Des murmures hostiles coururent dans la salle, et le juge
dut faire un nouveau rappel à l'ordre. Il demanda au prêtre de s'approcher.
Bien que le juge connût parfaitement le succès obtenu par le Père Flanagan avec
ses paroles, il n'ignorait pas qu'il n'avait affaire qu'à des cas
relativement mineurs.
— Vous rendez-vous compte, lui demanda-t-il, de ce que
vous allez entreprendre avec ces garçons ? Savez-vous tout ce qu'ils ont
fait ?
— Je sais, répondit Flanagan. Et je connais aussi, d'après
ce que j'ai lu et vu moi-même, les conditions dans lesquelles ils vivent.
— Et vous pensez pouvoir faire quelque chose avec eux ?
Les sept incorrigibles se tenaient
toujours debout, tout près. Pour le juge, la décision n'était pas facile à prendre.

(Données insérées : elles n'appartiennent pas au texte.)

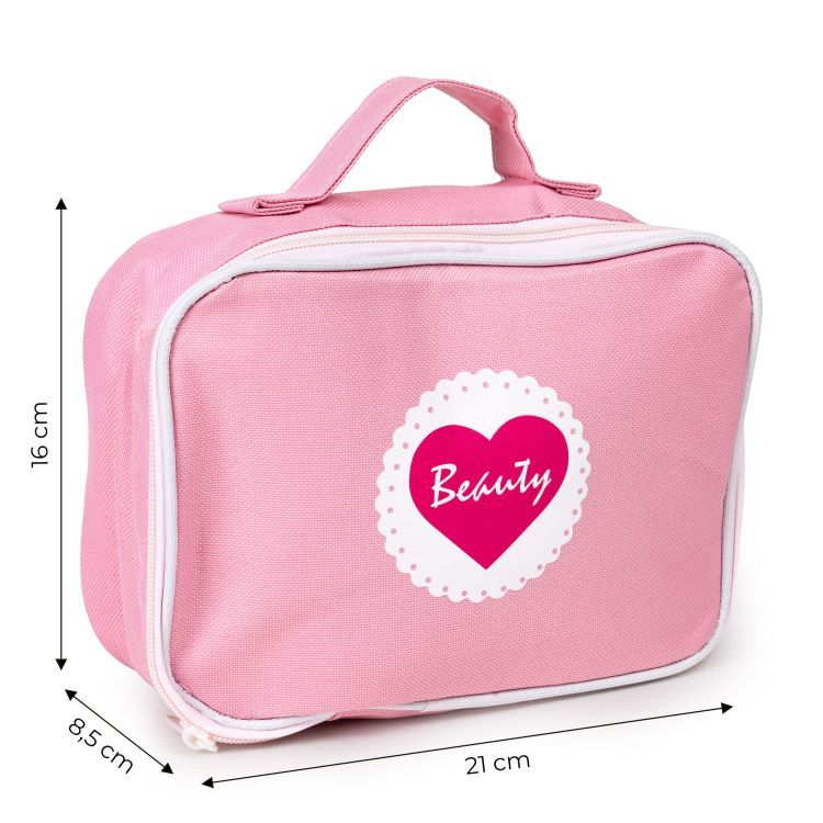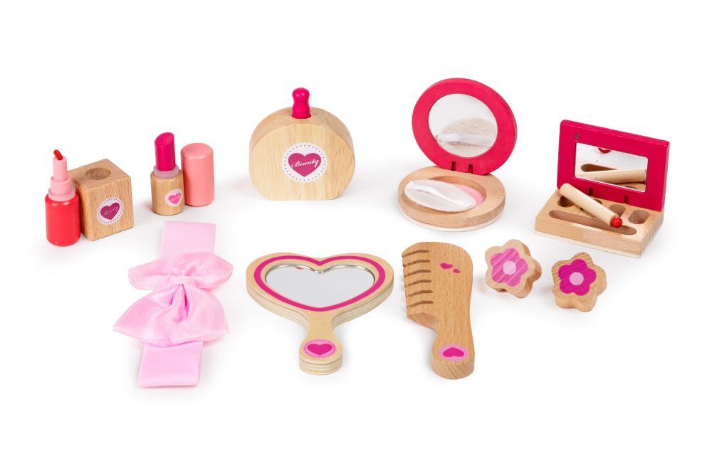 Ένα σετ μακιγιάζ σε μοτίβο καρδιάς για παιδιά άνω των 3 ετών. Περιέχει 10 αξεσουάρ από ξύλο, σχεδιασμένα με γνώμονα την ασφάλεια των παιδιών, στερούνται αιχμηρών και επικίνδυνων στοιχείων. Η τσάντα καλλυντικών περιέχει: κραγιόν βερνίκι νυχιών άρωμα θήκη πούδρας με σφουγγάρι σκιές κεφαλόδεσμος με φιόγκο καθρέφτης χτένα 2 λάστιχα μαλλιών

Une opinion publique mécontente et effrayée exigeait la punition de ces
garçons.
Les milieux politiques de la ville n'avaient aucun désir
de déplaire aux citoyens en laissant les coupables en liberté. Cependant le
juge était un homme juste et il connaissait l'habileté du prêtre. Il finit par
déclarer :
— Mon père, je vous laisse courir votre chance. J'espère
que vous arriverez à guérir ces enfants. Je vais les placer sous votre
surveillance.
Puis, se tournant vers les prisonniers :
— Vous avez ainsi une dernière chance, leur dit-il ;
je ne sais si vous en profiterez. Le Père Flanagan croit qu'il peut vous aider.
J'espère que vous vous rappellerez que sans lui vous seriez tous en route déjà
vers la maison de redressement.
Les plus étonnés de tous dans la salle, c'étaient les garçons eux-mêmes. Ils regardaient le
prêtre avec un air profondément stupéfait. Ils s'étaient attendus jusque-là à
se retrouver derrière des barreaux de prison.
Si le Père Flanagan se rendit compte
de cette stupéfaction, il n'en laissa rien paraître. Il s'approcha d'eux et
leur demanda de le suivre.
Sans un mot, comme engourdis, ils
obéirent. Tous les yeux, dans le prétoire, étaient tournés vers le Père Flanagan,
tandis que, suivi de ses nouveaux protégés marchant en file indienne, il
avançait dans la travée centrale, vers la sortie.